İki tür arasındaki farklara bakmanın en iyi yolu, onları rakip teknolojiler olarak değil, tamamlayıcı teknolojiler olarak görmektir
Pek çok kişi için hidrojen hücreleri otomobil kullanımının geleceğidir, ancak kesin olan bir şey varsa o da elektrikli mobilite ile birlikte otomobil kullanımının sıfır emisyonla seyahat etmesini sağlayacak başka bir teklif olacağıdır.
Hem hidrojen araçları hem de elektrikli araçlar, hareket için elektrik motorları kullanır.
Ancak elektrik motoru gücünü tamamen farklı bir kaynaktan alıyor.
Elektrikli araçlar, lityum-iyon pillerle çalıştırılırken, hidrojenli araçlar güçlerini, güç üretmek için yakıt olarak hidrojeni kullanan bir hidrojen yakıt hücresinden alıyor.
Yakıt hücresine ek olarak, enerji depolamak için bir pil de olabilir.
Her iki araba türü de sıfır egzoz emisyonu üretir.
Elektrik, fosil yakıtlardan veya yenilenebilir kaynaklardan gelebilir.
Öte yandan, hidrojenin çoğu yenilenemeyen doğal gazla üretilirken, rüzgar, güneş ve diğer yenilenebilir enerji kaynaklarını kullanan “yeşil hidrojen” de var.
Piller yakıt hücrelerinden daha verimlidir, ancak hidrojen enerji açısından daha verimlidir. Bu özellikle büyük araçlar için bir avantajdır.
Bugün elektrikli otomobillerin özerklik aralığı 250-600 kilometre arasında değişirken, hidrojen hücreleriyle bu özerklik kolayca aşılıyor.
Tipik bir şarj cihazıyla, bir elektrikli arabanın tamamen şarj olması saatler alırken, bir hidrojen arabası için sadece birkaç dakika sürüyor. Ayrıca hücre arabaları düşük sıcaklıklardan etkilenmiyor.
Yakın zamanda yapılan bir araştırma, orta ve ağır taşımacılığın karbondan arındırılmasının hidrojen yakıt hücresi teknolojisiyle pilden daha ucuz olduğuna işaret ediyor. Bazı durumlarda piller, daha büyük boyutları, ağırlıkları, daha yüksek maliyetleri ve daha uzun yeniden şarj olma süreleri nedeniyle daha az çekiciydi.
Hem hidrojen hücresi hem de elektrikli arabaların kendi güvenlik riskleri vardır.
Havadan 14 kat daha az yoğunluğa ve tüm yakıtların birim kütlesi başına en yüksek enerji içeriğine sahip olan hidrojen, son derece hafif ve son derece yanıcıdır. Bu, karmaşık kontrol sistemleri gerektirir. Elektrikli otomobillerde asıl konu ısı yönetimidir.

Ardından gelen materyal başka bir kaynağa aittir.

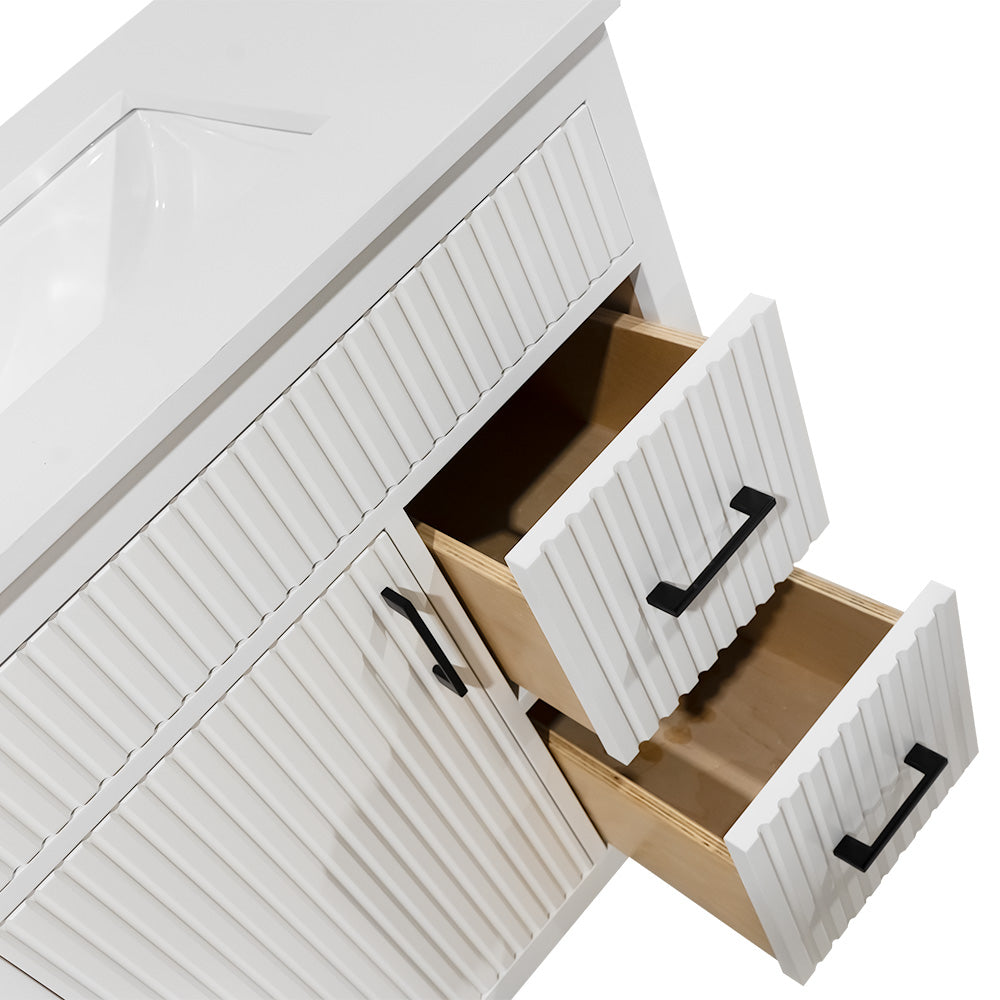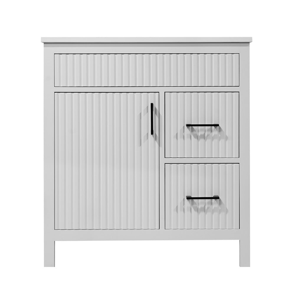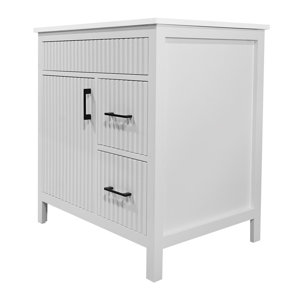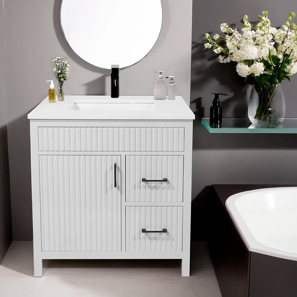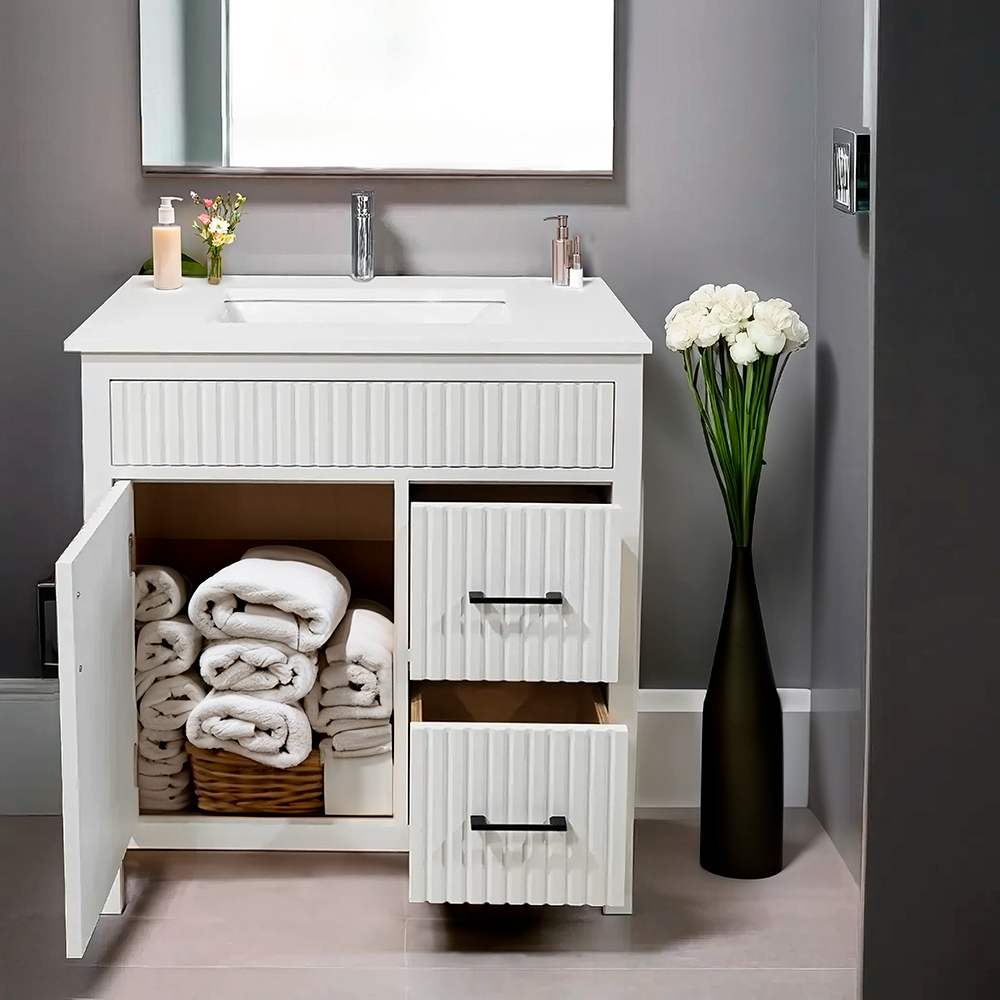 30" Fluted Design Wooden Simply White Vanity with Quartz Top
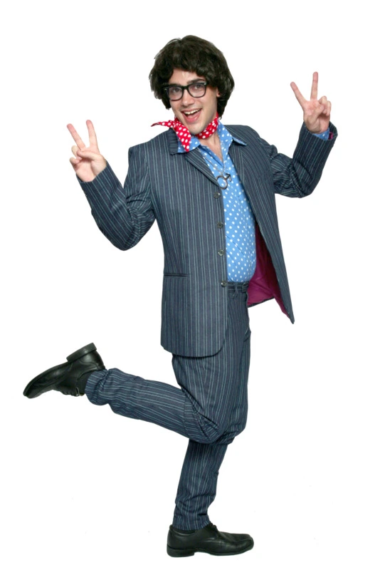 Be an international Man of Mystery slash Sex God in this groovy, Carnaby Street inspired, custom made suit. Available with red or blue polka dot shirt (to be teamed with a blue or red, mismatching cravat).
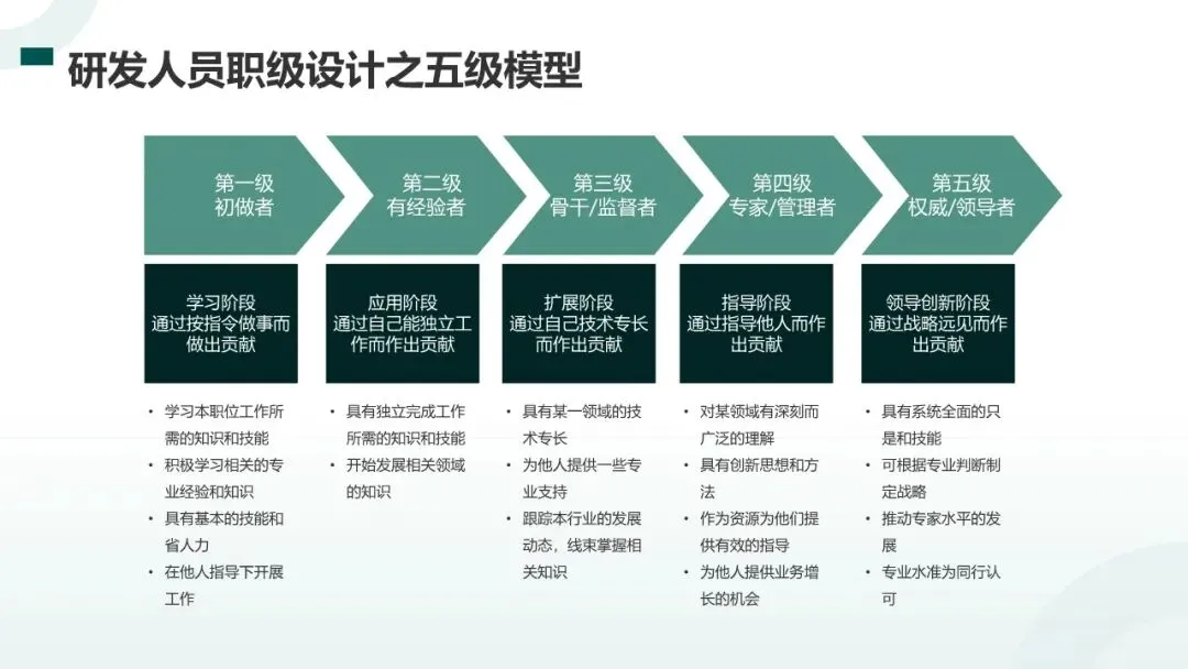 技术通道:初级工程师→中级工程师→高级工程师→技术专家→首席科学家→技术顾问,每个层级对应明确的能力要求、薪酬标准与权限(如技术专家可主导核心技术决策、分配研发资源)。
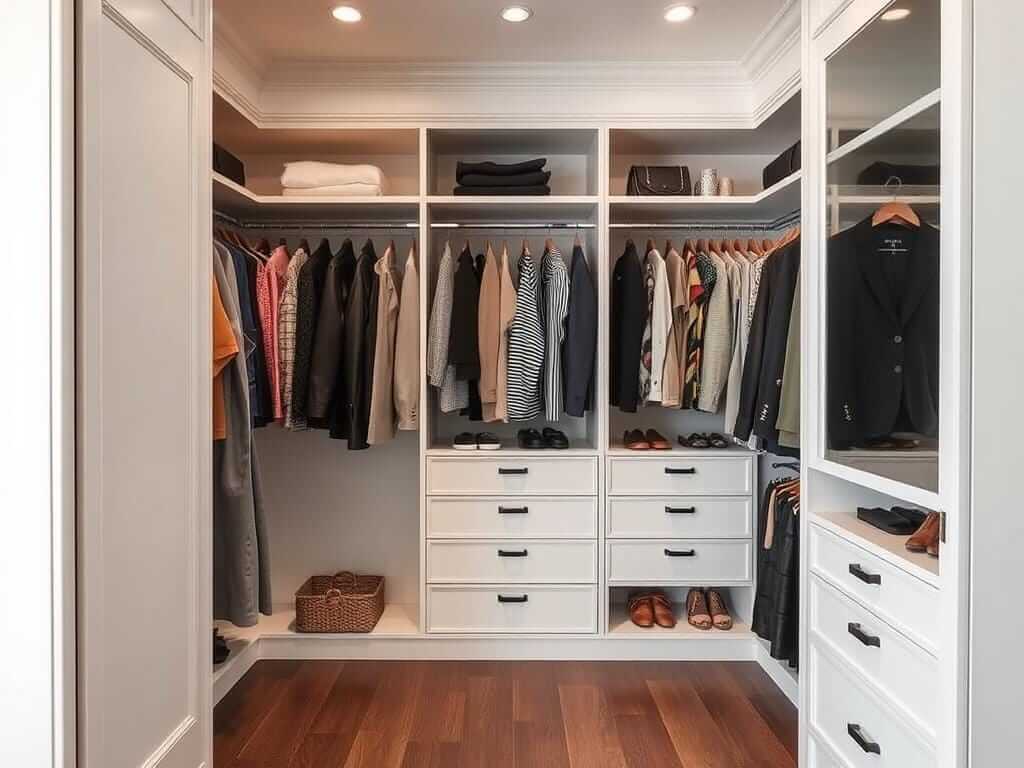 Гардеробная комната средней площадиКомбинация ящиков, полок, штанг, возможно, зеркалаРазнообразие хранения, визуальный контрольЭкспериментируйте с расположением

Bu, bazı durumlarda söndürülmesi zor yangınlara yol açan termal kaçakla sonuçlanabilir. Ancak teknoloji sıçramalar ve sınırlar yaptı ve bu vakaların gerçekleşmesi son derece nadirdir.
Bugün, BEV’leri yeniden şarj etme altyapısı hızla gelişirken, altyapının mevcut olmaması nedeniyle hidrojen yakıt ikmali için daha alınacak çok yol var.
Bir yıl önce dünyada 1.000’den az hidrojen dolum istasyonu vardı ve hidrojen dolum istasyonları inşa etmek özellikle pahalıydı.
Elektrikli arabalar, hidrojenli arabalardan daha popüler.
Uluslararası Enerji Ajansı’nın son rakamlarına göre, bir yıl önce kullanımda sadece 40.000 hidrojenle çalışan araç varken, dünya çapında satılan yedi araçtan biri artık elektrikli.
İki tür arasındaki farklara bakmanın en iyi yolu, onları rakip teknolojiler olarak değil, tamamlayıcı teknolojiler olarak görmektir.
İhtiyaçlara, gereksinimlere ve koşullara bağlı olarak bu iki teknolojinin “temiz” ulaşım için çözümler sunması beklenmektedir.